Garth Stein (The Art of Racing in the Rain)

Here we go... I report to site today. It is also my birthday. I think that is a good omen. It may be the best and worst birthday ever. The worst because I can`t be with my friends and family from home and I`ll be spending far too much time on a bus. The best because my present is my site and hopefully I will make new relationships that will be like family. Furthermore, it has taken 31 years but I am finally doing something real. Two years on the job begins today. The blog may be inactive for a while because it is going to be at least a month until I encounter internet again. So here are some thoughts and pictures(oops, pictures above)...

-This Gulf of Mexico oil spill makes me sick. Let`s do something about it. Terry Gibson wrote a very good, informative article on Surfline that gives you ways to contact the powers that be. Check it out. Hopefully, once the smoke clears, this can be a catalyst that brings about positive change. GET INVOLVED!

-Germany just beat Argentina 4-0. What???? It is too bad the talent of Argentina is wasted on the tactical ignorance of Maradona. Brasil is out too, crazy. Holland, Uruguay, Germany, and Spain or Paraguay. Who knows who is going to win this thing?

-Grandma Nancy, thank you for your email. I tried to respond but yahoo is not working at the moment. I appreciate the kind thoughts. I`ll talk to you soon.

-For all my family and friends, I miss you all. I wish you an excellent Fourth of July. For my birthday, please let any of the family and friends who aren`t aware of the blog know it is here. I'm doing it for you guys. Also, if you tried to mail me something make sure it goes out like this:

Cuerpo de Paz-Panama
Attn: Elliott Moore
followed by the address i gave you. If you list my name before Peace Corps it may get lost since the mail is going to the Peace Corps box and not the Elliott box.

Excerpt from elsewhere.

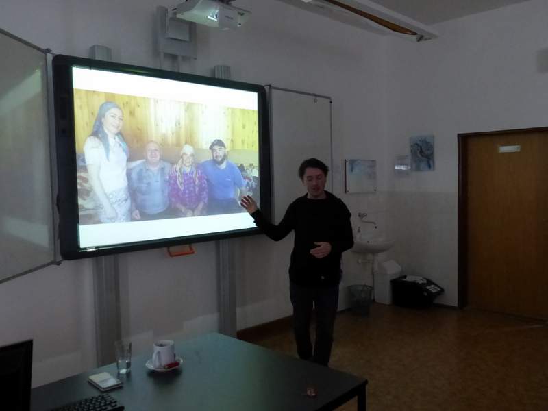 11. dubna jsme se měli možnost podívat na chvilku do východní Evropy, poznat krásy Turecka, Ruska a Gruzie. Cestu nám zprostředkoval mladý muž – cyklista, pan Tomáš Vejmola. V jeho projekci byly zahrnuty fotky, videa, vtipné i poučné historky a ke konci zbyl prostor i na diskuzi. Inspirací pro žáky bylo i to, že Tomáš získal všechny své zážitky díky svému bicyklu, který se stal jeho věrným kamarádem i dopravním prostředkem při všech objevitelských cestách.

I love Y'ALL. Thanks for all the positive thoughts. They are keeping me inspired. Wish me luck.

Tuesday, June 29, 2010

Swear in pics

Group 65 CEC in front of US Ambassador's house

Panamanian Vice President Juan Carlos Varela

Yours truly with US Ambassador to Panama, Barbara Stephenson

photos, etc.

Dancing the tipico

Beach Bonfire

Beach group shot

Monday, June 28, 2010


On Friday June 25, the aspirantes of PC Group 65 were sworn in and officially made volunteers. This was a big deal for us, but what I did not realize was that it was a big deal for the governments of the US and Panama. How big? The event was held at the outgoing US Ambassador's house and the Vice-President and First Lady of Panama were there. The Ambassador, Barbara Stephenson, got a little emotional and some Panamanians in attendance were shaking my hand and thanking me with tears in their eyes. The Vice President gave a speech and it was heartfelt and thankful. It didn't seem like your typical political affair where the gestures are superficial and the dignitaries always have somewhere better to be. It made me realize that even though we have been in our training communities worried about the next language interview or APCD meeting, what we are about to do will have a lasting effect in our lives and in the lives of our community members. It is crazy to think how real that is. For all the ego clashes and stress of training, that is all over. It is time to go to work. I think this training process has really prepared us well. CEC, at least, I know the other sectors have more trepidation than we do. So THANK YOU, Carlos and Francisco.

Above Photo: What it is all about. Playing soccer with schoolkids and cowboys from somewhere in Veraguas. Pics of US Ambassador and Panamanian VP in next edition. Peace.